Tender Mercies is a 1983 film which tells the story of a recovering alcoholic country singer whose relationships with a young widow and her son help to turn his life and career around. It stars Robert Duvall, Tess Harper, Betty Buckley, Wilford Brimley, Ellen Barkin and Lenny Von Dohlen. The movie was filmed in the Dallas, Texas area (specifically near the town of Waxahachie in Ellis County, Texas, where another well known picture, Places in the Heart was also filmed.)

The movie was written by Horton Foote and directed by Bruce Beresford.

It won Academy Awards for Best Actor in a Leading Role (Robert Duvall) and Best Writing, Screenplay Written Directly for the Screen, and was nominated for Best Director, Best Music, Song (for Austin Roberts and Bobby Hart for "Over You") and Best Picture.

Contents

[edit] Plot

(Although the scenes are shot chronologically, there are no indicators as to whether the scenes are days, weeks or months apart.)

The movie begins showing silhouettes of two men arguing in a hotel room. They are arguing over a bottle of liquor. A man, later identified as Mac Sledge (Duvall), is seen falling down and passing out.

After that night of drinking, Mac wakes up somewhere in Texas at a run-down, roadside hotel and gas station. The owner of the hotel, a young widow named Rosa Lee (Harper), informs Mac that his companion has left him. Mac asks Rosa Lee if he can stay and work off the debt for his room. Rosa Lee agrees. Mac later asks Rosa Lee if he can stay on and continue working for her for room and board. She agrees, as long as he doesn't drink while he's working. (We find out later that Rosa Lee's husband was killed several years earlier in Viet Nam, leaving her a widow at age 18, with an infant son to raise.)

Mac and Rosa Lee's growing affection for one another is subtly portrayed. Most telling is a scene where they are sitting one evening, chatting as they watch TV in Rosa Lee's living room. Like a couple on a first date, they shyly share bits of their life stories. They are interrupted by Rosa Lee's young son, Sonny, calling to them from his bedroom, and asking them to stop talking so he can go to sleep. Some time later (not clearly defined), while working in Rosa Lee's garden, Mac asks her to marry him. He says, "A blind man can see how I feel about you." We never see her give her answer, but from later dialogue, we come to know that they did marry.

One day, Mac goes out to their pump to gas up an automobile. The driver of the car, a newspaper reporter, asks Mac whether he is "Mac Sledge, the singer". Mac refuses to answer. The reporter asks a series of questions, trying to get Mac to reveal where he has been, why he stopped recording music, whether he was an alcoholic, whether he has remarried, and what Mac thinks about his previous wife, country music star Dixie Lee (Buckley). He states that Dixie became famous singing Mac's songs. The reporter tells Mac that Dixie is performing nearby. Mac refuses to answer any of his questions.

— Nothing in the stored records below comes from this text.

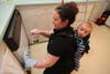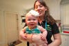 "I wear him all the time, even when I'm not cleaning," says Melone, making another pass with her mop at the far end of Katie Olivier's kitchen floor. Nearby Brosnahan is surface cleaning a counter top, her own baby, Cecilia, neatly tucked next to her mother's chest in a carrier strapped over her shoulders.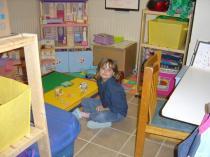 Will have the play room finished in hopefull by march, for now is in the living room downstairs, of a residence, privote bedroom for nap times, and full kitchen for lunch and snacks.25/day with reciepts, and posiblity to have government funding to compensate contact me for more details!
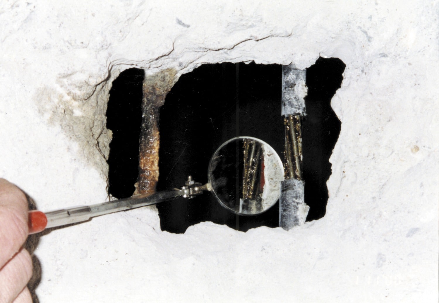 - A pachometer survey to spot check the placement and cover over reinforcement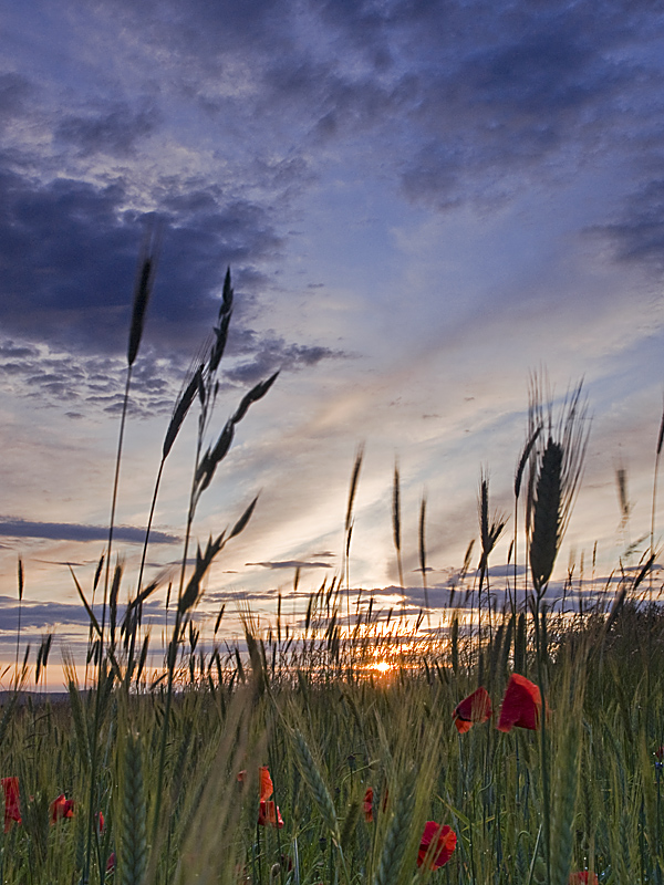 Trochę tak, pomogłam też trochę makom, nasyceniem i jasnością, żeby miały żywszą czerwień, ale generalnie dużo zrobiła szara połówka. Widać zresztą, że była użyta, bo kłosy na tle nieba nie mają koloru, są takie ciemnoszare, ale tylko do granicy z polem, tam już ich łodyżki są zielone. No i tu właśnie przebiegała granica na filtrze. Użyłam Hitecha 0,9nd z twardym przejściem.
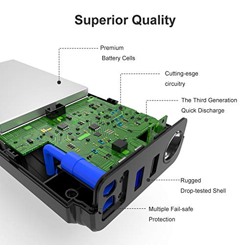 Doubles as Power Bank: Adopts the latest Quick Charge 3. 0 technology to charge smart phones from 0 to 80% in only 35 minutes; Type-C output(5V/3A) delivers the fastest possible charge for Nintendo Switch, smart phone, tablet with Type-C port. 12V/6A DC output with included cigarette adapter conveniently charges your car refrigerator, inflator, and vacuum on-the-go.

After the reporter's story is printed, a local country western band comes to see Mac at the hotel. They tell Rosa Lee that they are fans. Although Mac is obviously pleased to see that someone still remembers him and his music, he is hesitant to open up that part of his life again.

Mac goes to Dixie's concert. Dixie is an aging country western singer, but it is clear from her performance that she is tremendously talented. Dixie performs a song, obviously written by Mac, expressing deep and unending love. In the middle of the song, Mac gets up and walks out of the performance.

He meets Dixie's manager (Brimley) outside of the concert hall. Mac gives Dixie's manager a new song he has written. Mac then goes backstage to see Dixie. Dixie is extremely upset to see Mac, and rebukes him for visiting her. She warns Mac to stay away from their daughter, Sue Anne. Later, Dixie's manager tells Mac that his song is no good and that the country music business has changed.

Angry and hurt, Mac returns home. Rosa Lee asks him why he went to see Dixie. She admits to him that she is jealous. Mac, apparently ambivalent about his feelings, cannot tell Rosa Lee why he went to see Dixie. As she presses him, he storms out of the house. Mac then visits a bar, and buys a bottle of whiskey.

Later that night, he returns home. He confesses that he bought the alcohol, but says he poured it out. He then says that he tried several times that night to leave Rosa Lee, but that he always came back.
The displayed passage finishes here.